Google launches My Ad Center as ‘Trust in digital experiences has declined’:
- My Ad Center is a portal Google hopes will attract users to sign in and indicate preferences for the types of ads they want to see across its Discover, Search, YouTube, and network properties.
- It will effectively replace Google’s ‘About this ad’ feature but promises users even further control over the type of ads they’ll see, and from which brands.
Learn more about My Ad Center here.
What we’re reading
Semafor is going after polarization, but possibly ignoring other problems with media:
The problems of the media industry are rooted in polarization, according to Semafor’s mission statement. But Defector argues that the format of content alone won’t be enough for the media startup to solve the ills of the industry.

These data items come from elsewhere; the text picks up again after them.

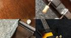 ナット、フレット、ブリッジ(Epiphone製)、ノブ×4、ストラップピン、ピックガードビス、PUマウントビス、PU高さ調整用のスプリング、弦アースの線材がそれぞれ交換されています。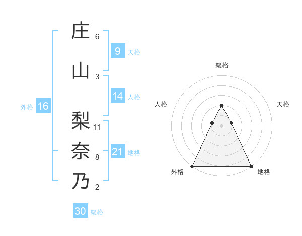 庄山 梨奈乃さんの総格は30画の2点!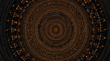 This image depicts a mesmerizing tunnel with a golden spiral pattern. The tunnel appears to extend infinitely, creating a sense of depth and mystery. The warm, golden hues add a sense of warmth and tranquility to the scene. The repetitive circular patterns draw the viewer's eye towards the vanishing point, evoking feelings of infinity and exploration.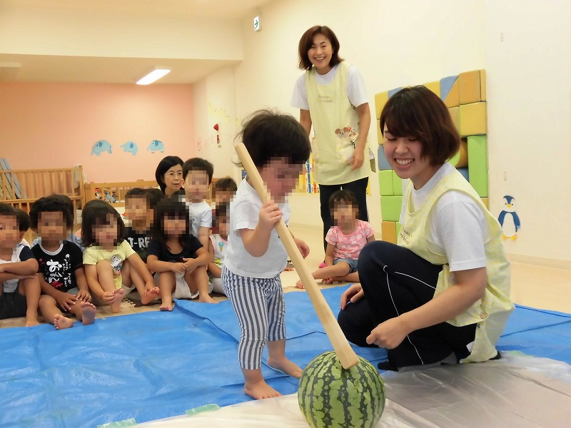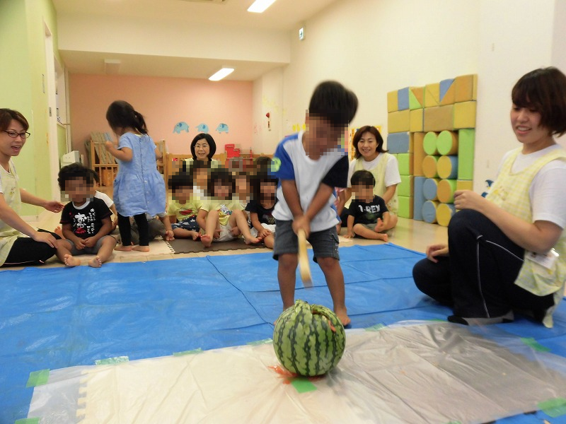 一人一人スイカを叩きます。「えい!」「やあ!」「とう!」「〇※□△!」掛け声は勇ましいのですが、なかなかスイカは割れません(^-^)。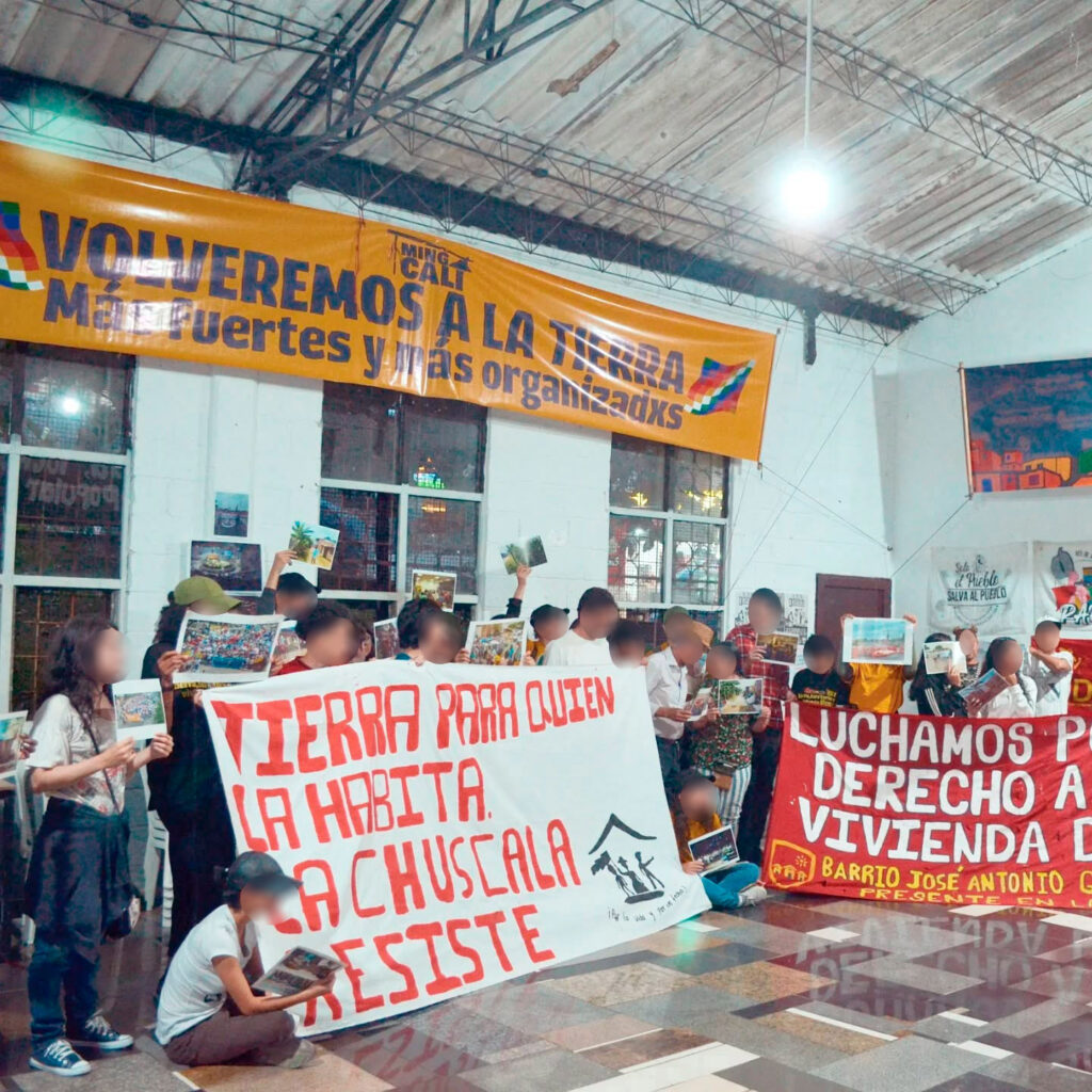 “Minga Cali es una juntanza de más de 20 organizaciones sociales, defensores de derechos humanos, colectivos, fundaciones, consejos comunitarios. Venimos dando la lucha por acceso a tierra en la ciudad de Cali. […] Muchos llegamos a Cali porque fuimos desplazados de nuestras tierras. Llegamos a Cali y allí hemos sufrido desalojos. La tierra ha estado en manos de las élites económicas… nosotros los de a pie debemos juntarnos, unir fuerzas para esa lucha a ver si nos dan derecho a tener un pedacito de tierra, territorio, para tener una vivienda digna. […] El acceso a la vivienda es un privilegio. Las tierras disponibles para vivienda, se las entrega el Estado a las constructoras. Es el modelo de ciudad y progreso de los ricos.”

Twitter is losing its most active users:
“Heavy tweeters” – users that log onto Twitter six or seven days a week and tweet about three to four times a week – account for less than 10% of monthly overall users of the social platform, but generate 90% of all tweets and half of the company’s global revenue. The number of these users has been decreasing since the pandemic began, however, according to a report by Reuters.
CNN’s new CEO has big ambitions, but with that comes more job cuts:
CNN’s CEO Chris Licht just wrapped his six-month review of the business since taking over the role and is ready to share his conclusions. In an effort to get CNN back on its feet, however, more than 1,000 jobs will have to be eliminated at parent company Warner Bros. Discovery before the end of the year, reported CNBC.